Tuesday, August 19, 2014

A Survey of Monsters-Part Six

Wars and Worlds, Past and Future

I began yesterday with an anniversary, the sixtieth anniversary of the last issue of Weird Tales. I'll begin today with another anniversary: seventy-five years ago next month, in September 1939, Nazi Germany invaded Poland, thus setting off the Second World War.

Before the war, science fiction was for a few fans. If the general public knew anything at all about the genre, it was in an offhand way. "Buck Rogers stuff" they called it. Science fiction was in the comics and in movie serials. It was something for kids. But in the run-up to the war, science fiction became serious, at least for one night in 1938.

In March of that year, Nazi Germany annexed Austria and immediately began agitating for annexation of the Sudetenland. The crisis continued into the summer and the spectre of war loomed. Then, in September, the European powers came upon a solution--or a dissolution. In the first weeks of October, Germany took control of German-speaking areas of Czechoslovakia and war was averted--at least for another eleven months.

On the evening of October 30, 1938, The Mercury Theatre on the Air broadcast a dramatization of H.G. Welles' War of the Worlds as a kind of documentary account of supposedly real, contemporary events. Some listeners who tuned in late believed that Martians really had invaded Earth--specifically New Jersey--and panic ensued. Just how many believed it and how much panic was caused by it is open to question. The point is that science fiction, perhaps for the first time, demonstrated its power over the popular imagination.
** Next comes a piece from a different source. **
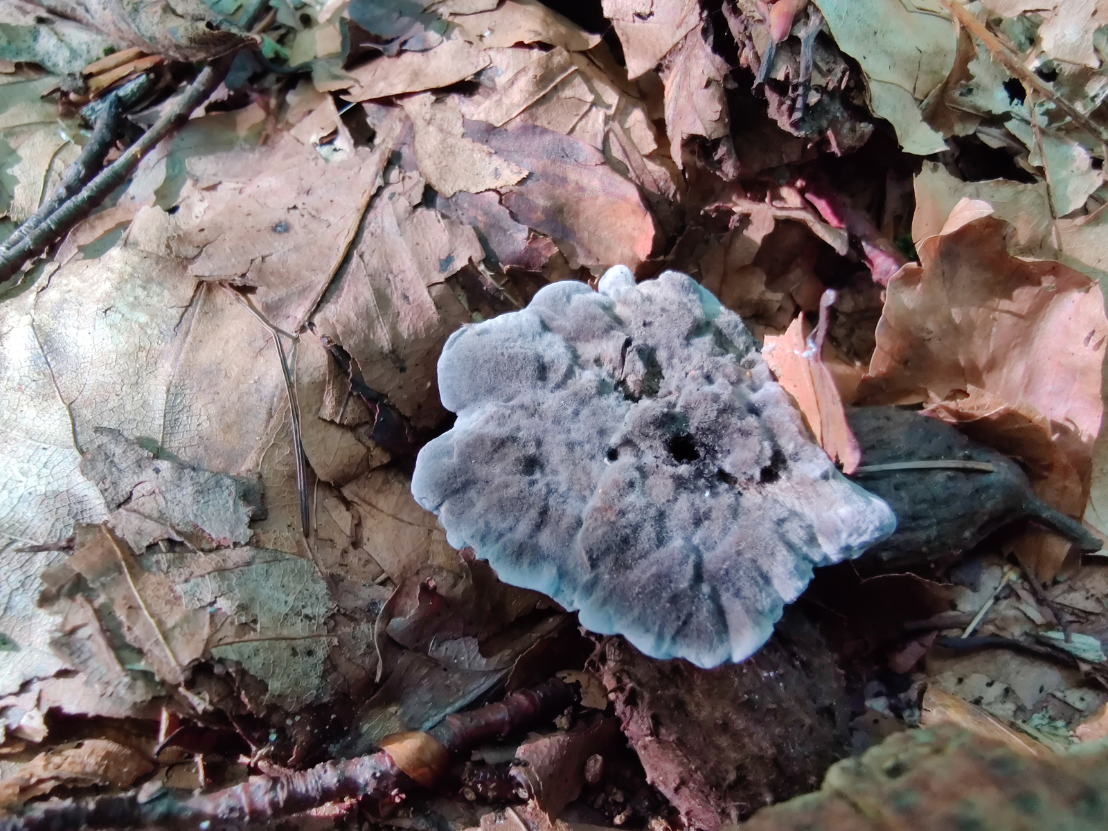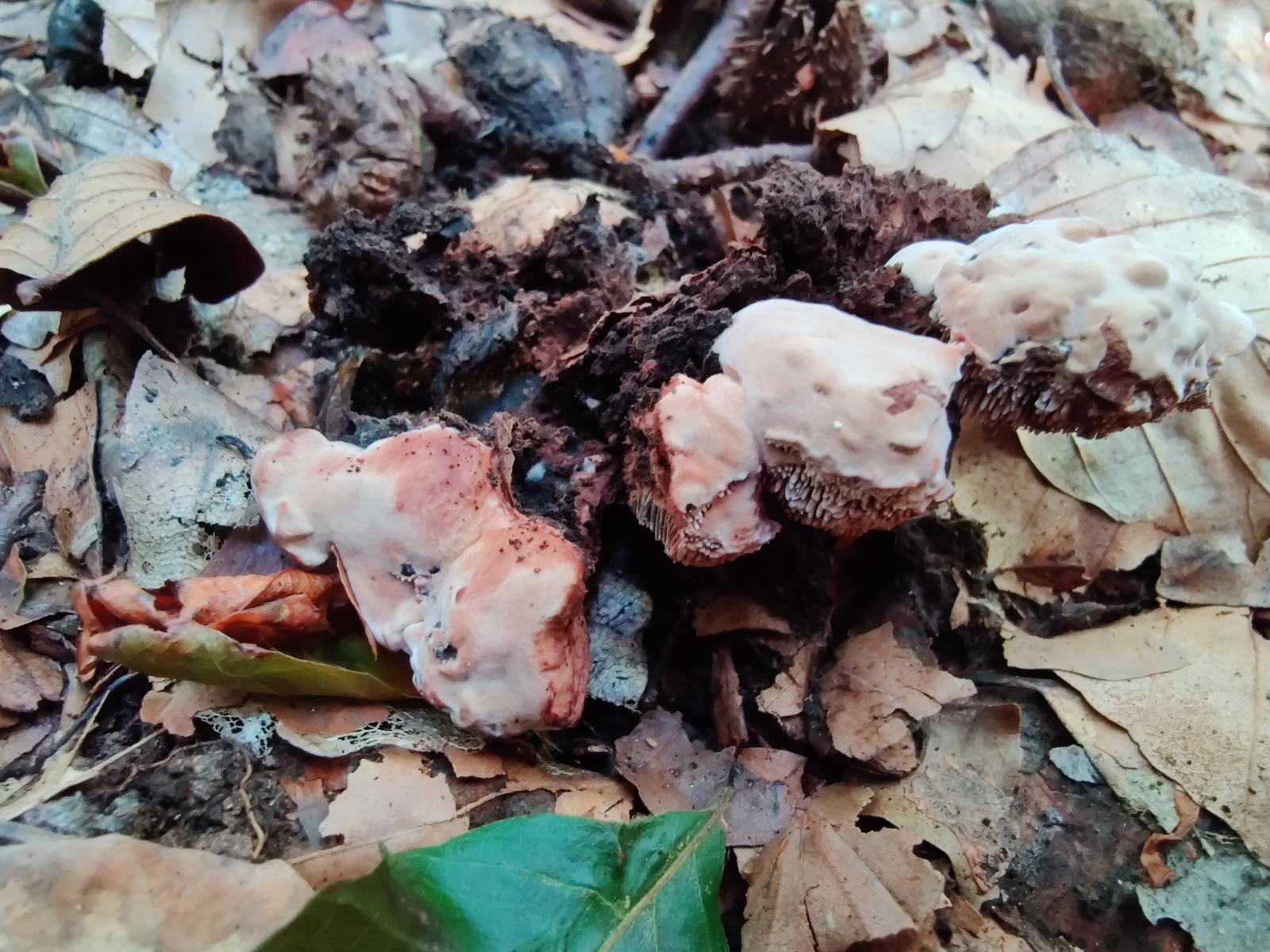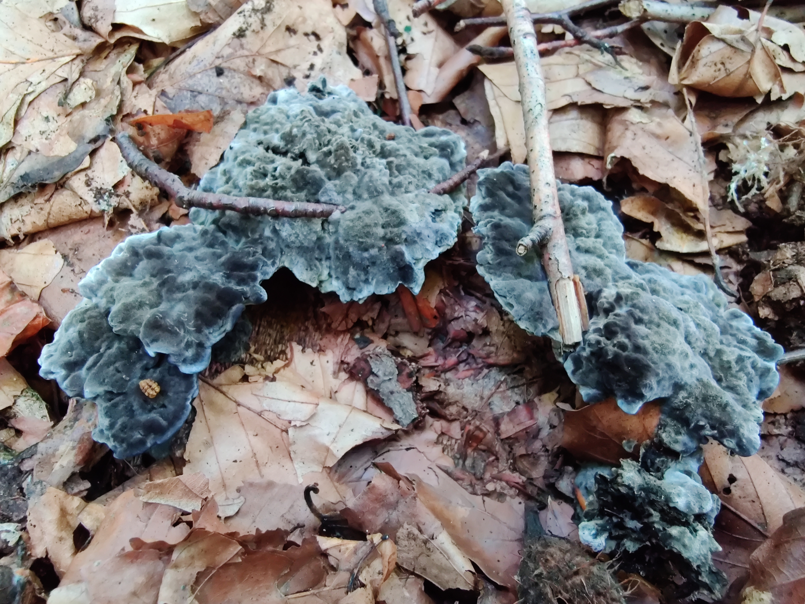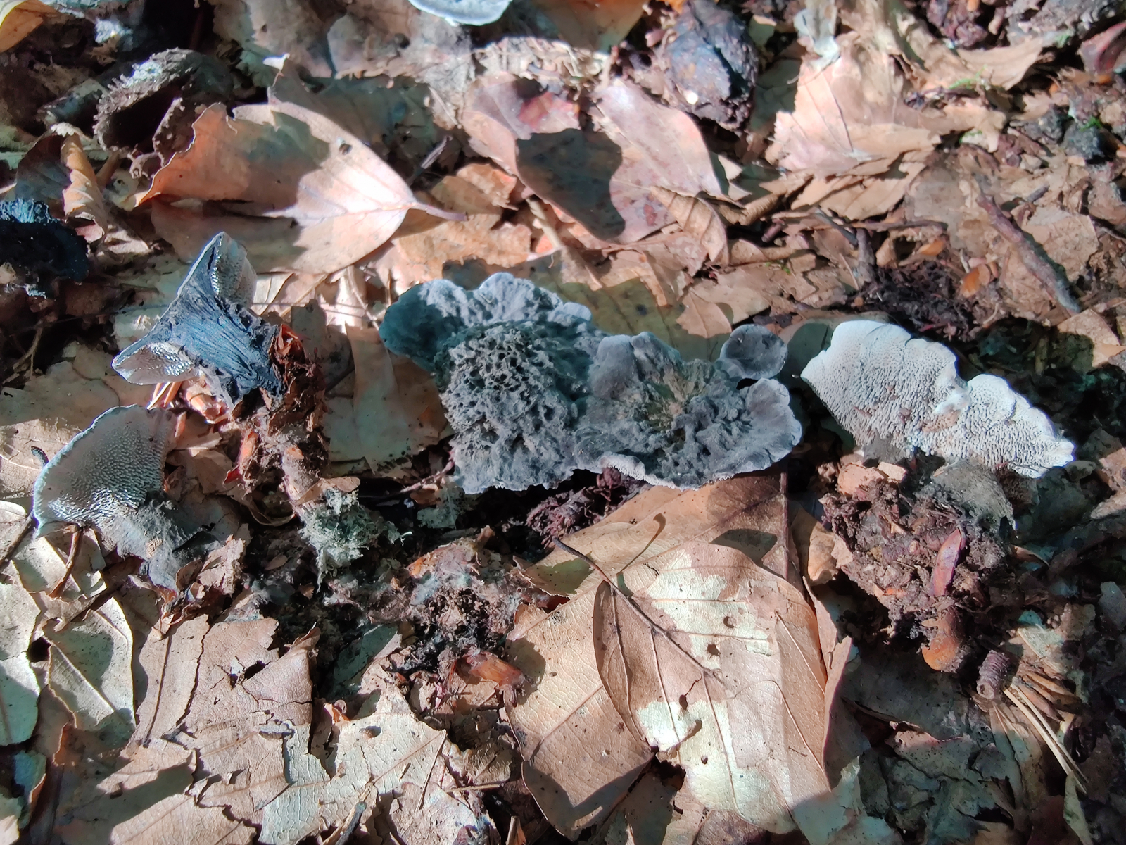 5. Interessant könnte dieser hier sein, gefunden bei einer alten Rotbuche. Es waren zahlreiche kleine, junge Fruchtkörper mit ~kreisförmigem Habitus zu finden, aber auch wenige größere, stark verwachsene. Der Geruch war sehr stark würzig. Der im Internet beschriebene Geruch nach Maggi kommt finde ich ganz gut hin.

The First World War had been preceded by what is now called "Invasion Literature." That genre, new to the late nineteenth century, may have given rise to science fiction, as in the original book, The War of the Worlds (1896). The first war also saw advances in the science and technology of killing people, for example, airplanes, tanks, aerial bombs, submarine warfare, and poison gas. Science fiction came along during and after the war as well, but there seems to have been a kind of retrenchment (no pun intended) in fantasy fiction. Weird Tales, despite its first cover--a science fiction cover--turned to the past and to monsters of the past for most of its subject matter.

The Second World War is another story. After the advances of that war, there was no going back. The dreams of the prewar science fiction fan seemed to be coming about, for now there were rockets, guided missiles, radar, jet-powered aircraft, pressurized cabins (essential for space travel), and most importantly, atomic power. Those starveling fans of the prewar era tended to be visionaries. They were liberal, progressive, futuristic, technocratic, Utopian, even communist in their beliefs. The scientific and technological developments of the war seemed to bear out their faith in the future. (1)
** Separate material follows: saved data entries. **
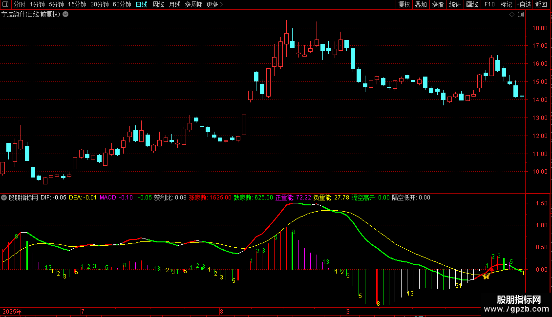 DRAWTEXT(BARSLAST(TJ)=1,MACD2,'1'),COLORYELLOW;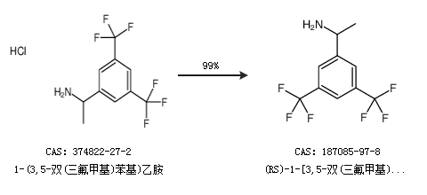 1.通过1-(3,5-双(三氟甲基)苯基)乙胺合成(RS)-1-[3,5-双(三氟甲基)苯基]乙胺,收率约99%;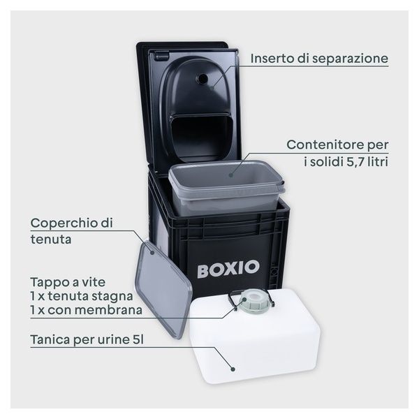 La BOXIO TOILET è l'alternativa ideale alle toilette chimiche. Portatile e ultraleggera per il giardino, il campeggio e altro ancora.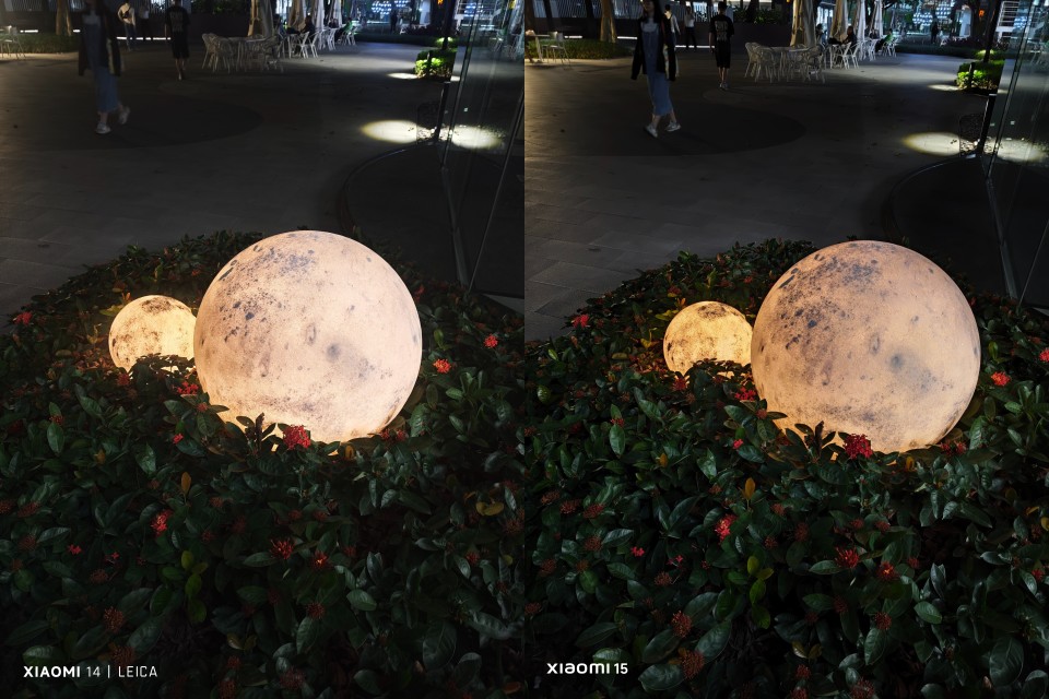 即使是在亮度较低的灯光装饰上,小米15的表现也依然碾压小米14。

Still, monsters out of the past continued to show up in movies of the 1940s, and science fiction was largely still in pulp magazines and comic strips. In the movies of the early and mid '40s, there were vampires, werewolves, Frankenstein's monster, the Mummy, apemen, madmen, ghosts, and zombies. (2) But if you look at a list of horror movies from the 1940s (Wikipedia has a list--yes, I know, it's Wikipedia, but it is a list), you'll notice the number of titles dropping off precipitously after the war. There are probably all kinds of reasons for that, but it seems to me that a populace that had just experienced real-life horrors--the horrors of war, mass death, genocide--would hardly have had a taste for fictional monsters. The number of science fiction movies was also low in the postwar era, but in the 1950s, science fiction took off like a rocket. If I had to guess, I would say two developments caused that. One--the splitting of the atom--was real but anticipated by science fiction. The other--flying saucers--was only partly real but otherwise made from whole cloth by a science fiction writer, Raymond A. Palmer.

To be continued . . .

(1) If fantasy is about the past and science fiction is about the future, then I wonder if there is any correlation between the authors of those respective genres and their political beliefs. It's really easy to pick out examples that fit a hypothesis: H.P. Lovecraft, a fantasist obsessed with the past and with decadence, was notoriously conservative, a Tory in twentieth century America. Frederik Pohl, a forward-looking science fictioneer, was liberal or progressive in his beliefs. Some of his cohorts were outright Communists, if only for awhile. But that hypothesis goes only so far. I would not put Robert A. Heinlein in the liberal or leftist category, for example.
(2) It seems to me that there is too little notice given to a new type of horror movie of the 1940s, that is, for want of a better term, the Weird Tales-type horror movie. I can think of three examples: Cat People (1942), I Walked with a Zombie (1943), and The Curse of the Cat People (1944). All were produced by Val Lewton, who had written for Weird Tales. The first two were directed by Jacques Tourneur.